How to Resolve No Power on the Profitec Pro 500 PID, and/or Popping GFCI Outlets

 Why Does My Profitec Pro 500 PID Have No Power, and/or Pops GFCI?

If your Profitec Pro 500 PID has no power or is popping a GFCI outlet, there may be an issue with the machine, or with the outlet itself. Refer to the step-by-step instructions below to determine why your machine isn’t able to power on.

 

NOTE: Prosumers should be on a dedicated 15 amp circuit that is not being shared with other appliances.

  • Is the green light on in the front of the machine when the power switch is flipped? This green light represents that the machine has power.
    • If the green light is not illuminated this could indicate an issue with the outlet, the power cord, or the on switch.
    • If the green light is on, is the orange light on?
      • If the orange light is not on, this means that power is not being supplied to the rest of the machine. Make sure the water tank is full and sitting properly within the reservoir support.
        • If the tank is in place with enough water inside, testing the magnet sensor for the tank would be the first and easiest place to start.
          • Remove the tank and have a magnet handy. Standing in front of the machine and looking down at the reservoir support, there is a black sensor, on the left hand side, about halfway down.
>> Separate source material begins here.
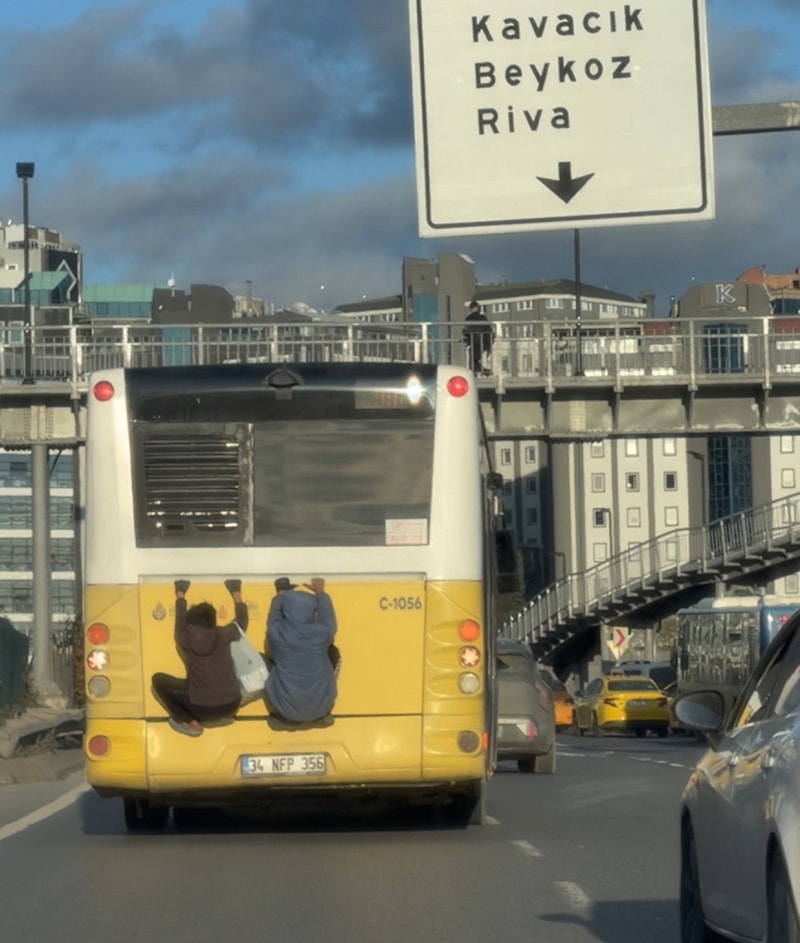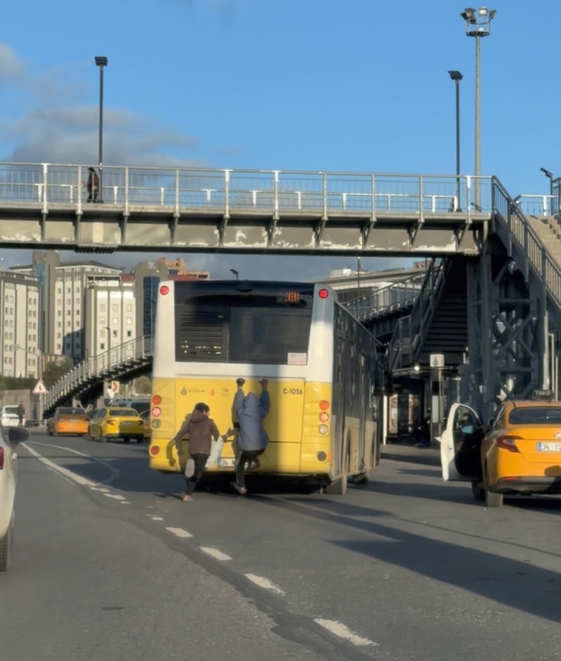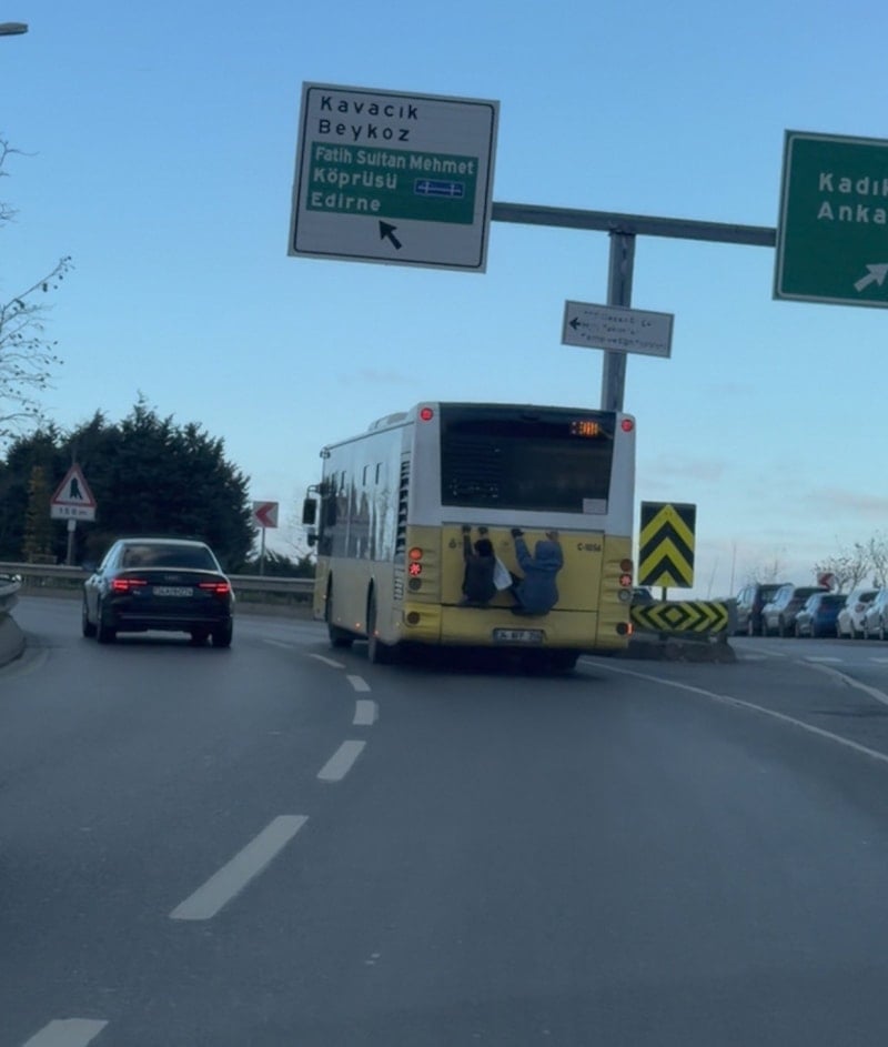 İstanbul'un Beykoz ilçesi Kavacık kavşağında seyir halinde olan İETT otobüsünün bagaj kapağına tutunan 2 çocuk, bir süre bu şekilde yolculuk etti.

Hold the magnet over that sensor and see if the orange light comes on.
            • If it does, then inspect the magnet in the tank. The magnet may have come out of where it sits and would need to be put back. The cap that holds the magnet in place should be flush with the channel that the magnet sits in. If the cap is pushed down too far or has popped upward, it will change where the magnet sits and the sensor may be unable to sense the magnet. Adjust the cap if necessary. Replace the water tank back into the reservoir support.
            • If the orange light is still not on, there may be an issue with the control board of the machine. This will require checking power coming in and back out of the control board with a meter, or sending the machine in to have it serviced by a tech.
  • No.
    • Try testing another appliance on the same outlet. Does this appliance have power?
      • If Yes, we recommend having the machine serviced by a tech.
        • If you feel comfortable accessing the machine, we can check the heating element connected to the boiler. To access the machine, we must first remove the housing. There are 4 2.5mm screws on the top (two screws in the front, and two screws in the back). With those removed, the top panel can be lifted off. Beneath the top panel is a shield with a 3mm screw going into the side panels. Unscrew those and lift the shield out of the machine. Looking into the machine from the top, you can find a screw near each of the front, top corners of the machine, which connect the side-panels to the frame of the machine. Loosen these screws (do not unscrew). When done correctly, you will be able to wiggle the side-panels but not lift them off outright. Flip the machine on its back onto a towel or other soft surface to preserve the cosmetics of the back panel. On the bottom of the machine are 4 3mm screws: two are located near the front corners of the machine, and the other two are at the rear, by the legs. Unscrew these. Return the machine upright while supporting the side-panels at the bottom. Lightly tap the side-panels from the top, causing them to drop. Support the panels by the bottom and grab back sides. Tug the side-panels gently outward and push toward the rear of the machine. The housing should come off like a sleeve.
        • You will now have access to the internals. Facing the front of the machine, the element we need to look at is located on the right end of the boiler. You will notice black and blue wires connecting to the element in the boiler. Unplug these and leave them unplugged. Plug in the machine, turn it on, and see if the GFCI pops. If it does not pop, the element needs replacing. If the GFCI still pops, turn off the machine and unplug it. The electrical is arcing somewhere in the machine. You can check for pinched wires or scorch marks to investigate what is damaged, but a repair is recommended.

 

      • Yes. Electrical testing will need to be done to check the power cord of the espresso machine. Professional repair is recommended.
      • No. The problem is your outlet.